Overall, axonogenesis is emerging as a new hallmark of cancer, and neurotrophic growth factors released by cancer cells appear to be the drivers of nerve infiltration in the tumor microenvironment. Although an increased number of neurons (neurogenesis) in neural ganglia has been show to be associated with axonogenesis in prostate cancer (35), the occurrence of neurogenesis in other cancer types has not been reported, and therefore the extent of neurogenesis in human tumors is unclear. Taken together, tumor axonogenesis can be compared with axonogenesis during embryonic development, where the release of neurotrophic growth factors by organs drives axonogenesis. To date, neurotrophic growth factors of the NGF family have been clearly identified, but, as in development, it is likely that a combination of neurotrophic growth factors and axon guidance molecules drive the growth of different types of neurons in tumor axonogenesis.
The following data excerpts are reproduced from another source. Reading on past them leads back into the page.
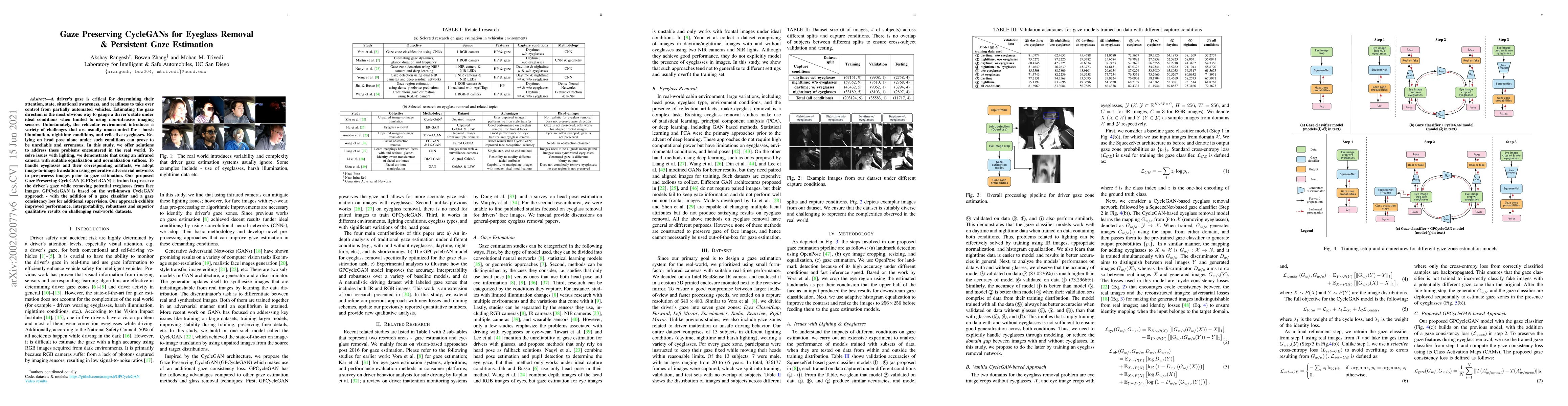 A driver's gaze is critical for determining their attention, state, situational awareness, and readiness to take over control from partially automated vehicles. Estimating the gaze direction is the most obvious way to gauge a driver's state under ideal conditions when limited to using non-intrusive imaging sensors. Unfortunately, the vehicular environment introduces a variety of challenges that are usually unaccounted for - harsh illumination, nighttime conditions, and reflective eyeglasses. Relying on head pose alone under such conditions can prove to be unreliable and erroneous. In this study, we offer solutions to address these problems encountered in the real world. To solve issues with lighting, we demonstrate that using an infrared camera with suitable equalization and normalization suffices. To handle eyeglasses and their corresponding artifacts, we adopt image-to-image translation using generative adversarial networks to pre-process images prior to gaze estimation. Our proposed Gaze Preserving CycleGAN (GPCycleGAN) is trained to preserve the driver's gaze while removing potential eyeglasses from face images. GPCycleGAN is based on the well-known CycleGAN approach - with the addition of a gaze classifier and a gaze consistency loss for additional supervision. Our approach exhibits improved performance, interpretability, robustness and superior qualitative results on challenging real-world datasets.
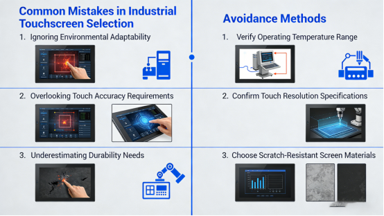 Even with clear guidance, many professionals make avoidable mistakes when selecting industrial touch screens—errors that lead to equipment malfunctions, operational delays, and unnecessary costs. These missteps often stem from overlooking practical needs or prioritizing the wrong features, rather than product quality.
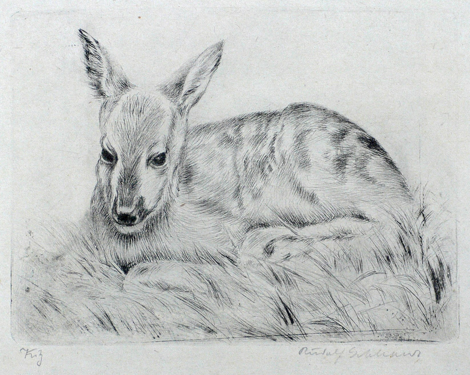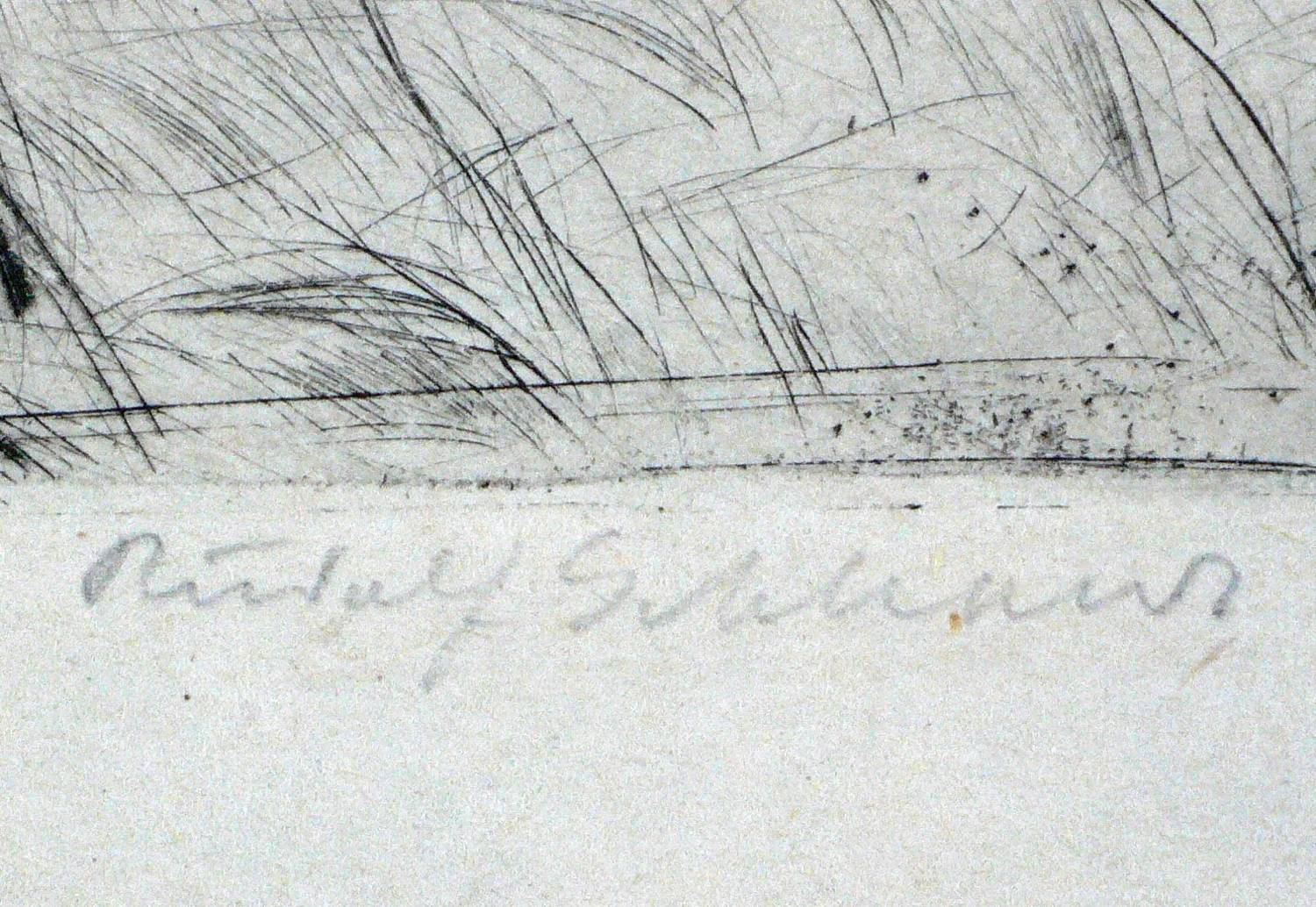 Um 1930. Radierung / Kaltnadel, in Schwarz, auf hellem Velin. – Originale Künstlergrafik, von Rudolf Gebhardt. – 13,4 x 17,7 cm (Darstellung / Platte), 20 x 21 cm (Blatt).
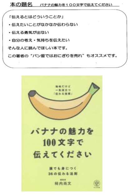 図書委員会企画:おすすめ本17 公開日 2024/01/27 更新日 2024/01/27 生徒の活動 おすすめ本は→→→こちら 図書委員会が先生のおすすめ本を図書室で紹介してくれています。学校HPでも週末を中心に紹介しています。先生の名前は隠していますので誰のおすすめか予想してみてください。図書室には先生の名前も掲示されます。
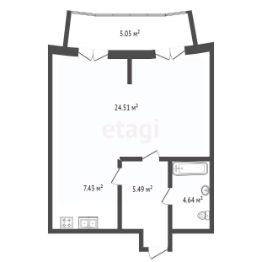 1ккв 41.8м2 + 4.95м2 утепленная лоджия!
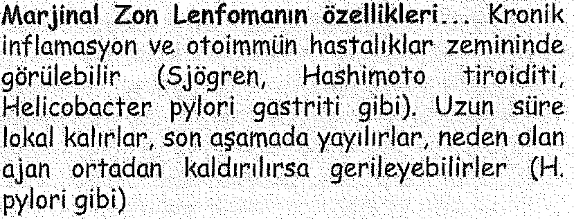 Bu lenfomaların otoimmün ya da immünolojik etiyoloji ile kronik inflamatuvar hastalık zemininde geliştiği düşünülmektedir.

Sympathetic/adrenergic nerves are known to be closely associated with blood vessels, and the release of noradrenaline by sympathetic nerves mediates blood vessel constriction through the contraction of the surrounding smooth muscle cells. During development, sympathetic nerves and blood vessels grow simultaneously, and sympathetic nerves are necessary to structure the vascularization of tissues and organs (36, 37). In cancer, a recent study by Zahalka and colleagues has demonstrated that adrenergic nerves activate tumor angiogenesis by promoting an angiometabolic switch in endothelial cells (38) and has attracted considerable interest (39–41). This study has shown that the infiltration of adrenergic nerves in the microenvironment of prostate cancer results in the liberation of noradrenaline by nerve endings that can subsequently stimulate Adrβ2 expression in endothelial cells. Upon stimulation by noradrenaline, ADRβ2 receptors induce a change in endothelial cell metabolism toward the inhibition of oxidative phosphorylation. As endothelial cells rely on aerobic glycolysis for angiogenesis, the noradrenaline-induced ADRβ2 activation promotes a burst of tumor angiogenesis that fuels cancer progression. It had previously been shown that the activation of the sympathetic nervous system can stimulate cancer progression (32), but the mechanisms remained unclear. Circulating adrenaline released from the adrenal medulla (eventually in response to stress) was thought to contribute, but evidence against this hypothesis has been provided (42). The study by Zahalka and colleagues (38) elegantly provides a clear mechanism whereby sympathetic innervation directly activates cancer progression through the liberation of noradrenaline in the microenvironment, resulting in the activation of endothelial cells and angiogenesis.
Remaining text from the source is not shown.